Spoke with Jim Marks of the Milwaukee Foundation. Can't make a contribution to the Restoration right now but will send us info on a specific grant in September. Will pass the info onto Mary Flierl and her crew at the research center.

When we move the research center to our new location, Rick and I will work with Kevin Wester to expand our maritime archives. We'll probably limit our archival material to the western shore of Lake Michigan, Milwaukee to door county. I'll put on loan my collection of Light House material.

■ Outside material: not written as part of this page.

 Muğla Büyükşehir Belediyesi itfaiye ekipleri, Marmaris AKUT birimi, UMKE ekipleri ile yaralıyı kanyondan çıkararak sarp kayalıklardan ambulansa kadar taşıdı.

Have quite a lot of info on the Light House Establishment, the Light House Service, and historical descriptions of all the harbors and shorelines on the Great Lakes, going back to circa 1898. Happy to make it accessible to researchers.

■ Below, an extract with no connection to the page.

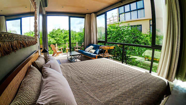 Die Unterkunft befindet sich in Tulum, nur 10 Meter vom Südstrand entfernt. In der Nähe liegen die Archäologische Stätte Tulum, etwa 10 km entfernt, und der Parque Nacional Tulum, der 3,5 km entfernt gelegen ist. Der nächste Flughafen, Flughafen Tulum, ist 44 km von der Unterkunft entfernt.

Surgery scheduled for July 29. I'm hopeful I'll astound everyone, including me, by my fast recovery.

Didn't get to spend time at the LS during the Maritime Festival. Received a call from a college roommate who decided to fly in from St. Petersburg, FL for the weekend. Was an hour late picking her up as I stopped at the LS to drop off the garbage pails I had emptied into my dumpster at home. Off course there were visitors hoping to tour the Station. Figured it was worth the $20 donation to make Judie wait. She didn't think so, but she did buy a Light Station cap when I took her through later in the day.

I don't think I mentioned that Milan and Marla Lackovic, of Port Washington, who design limited edition fine art prints, have donated unique print of our Light Station to be sold by us and in local art stores. 100 percent of the price goes to the Restoration. The Lackovics created a poster for the Maritime Festival that includes a shadow of the Light Station. Really nice! Thanks, M & M, for your support of the Restoration Project. Hope everyone has the opportunity to see their artwork. Their style of photography is called "photo-impressionistic Giclee art." It won't be long before some of their work adorns the walls of my home.

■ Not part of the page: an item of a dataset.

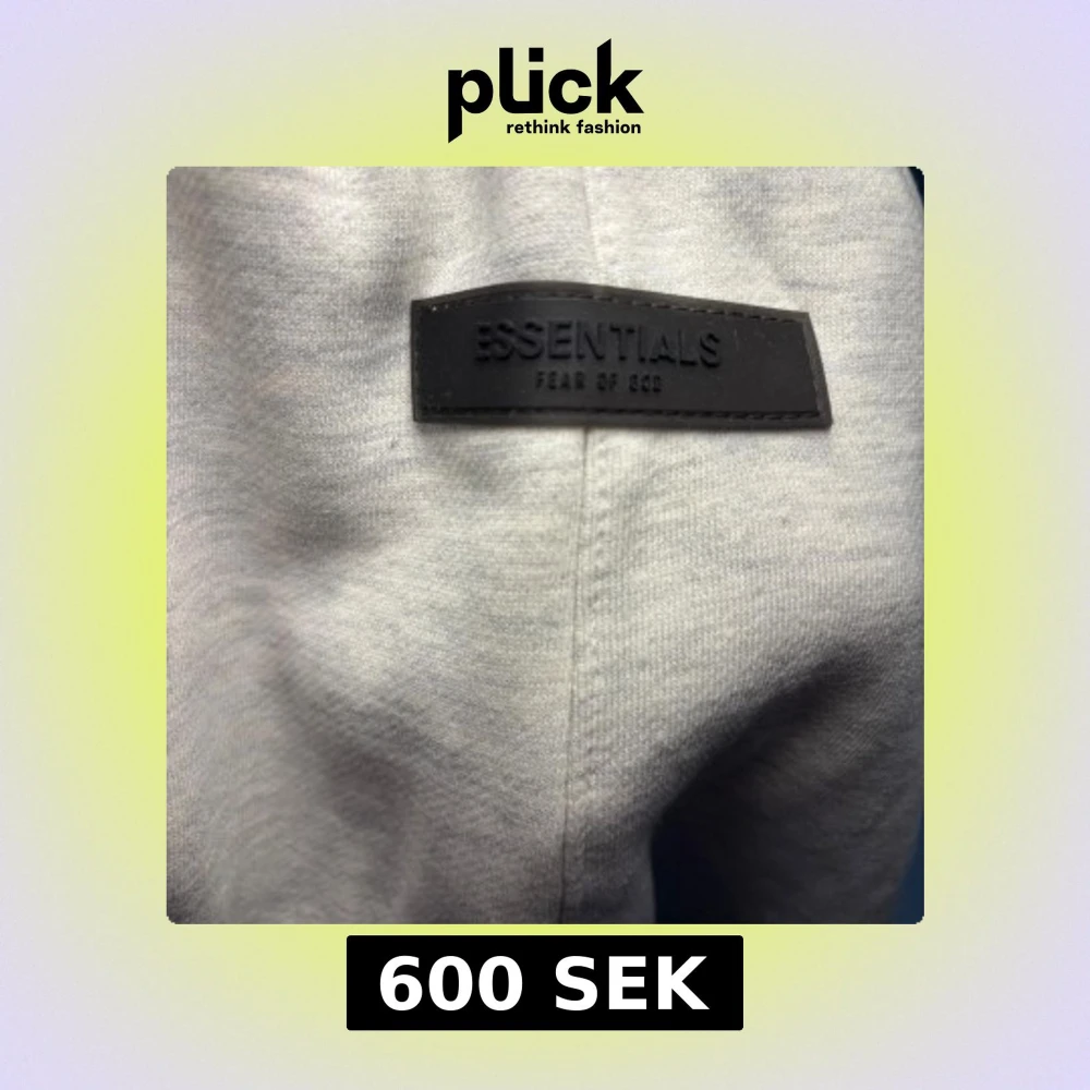 Snygg ljusgrå mjukisbyxor från Essentials Fear of God med svart logga på och den är bekväm att ha på sig.

Bob Stewart, now of Lake Geneva, WI but formerly of Port, was at the Light Station yesterday, taking exterior photographs. Bob has done of series of lighthouse prints and will be adding our Light Station to his list. I believe Bob works in pen and ink to create his pictures. He indicated our Light Station will soon be on the label of a local micro brew. "Light House Ale?" Who knows...

Barb and Ken Wardius, authors of "Wisconsin Lighthouses" may be able to make some editorial changes, regarding the status of our Light Station, before their second printing occurs. We have to act fast on this one. Great lighthouse book. Highly recommend it.

Called Tom Mutsch of Schaus Roofing. Several people have inquired about our red roofs. Wanted to check that it was okay that I passed them on to Schaus. Also had a question about the ridge vent on the Light Station. Apparently the vent is narrower than usual but it is installed. The smaller vent is part of the specs put out by Berridge Co., the maker of the shingles. Just had to check.

Jim Fowler: if you have the time, stop at the LS and you can reclaim your heater and sawhorses.

Mary Fran: received your list of vintage furniture you've offered to donate. Will have to discuss with Light Station Committee and board.

Well, the wind is blowing and my eyes are blurring, so I'd better sign off for now. Oh, almost forgot. Ron Voigt, Register of Deeds and Society member, has added photos and text to his webpages on Port Washington, the Historical Society and the Restoration. Check it out: http://www.ci.port-washington.wi.us/History/LightStationDedication/Index.htm Thanks, Ron. If you're willing to stop at the Light Station, interior photos would really be a nice addition to the website.

Query Port Washington Light Station on the internet and you'll all be pleasantly surprised by all the sites that include us.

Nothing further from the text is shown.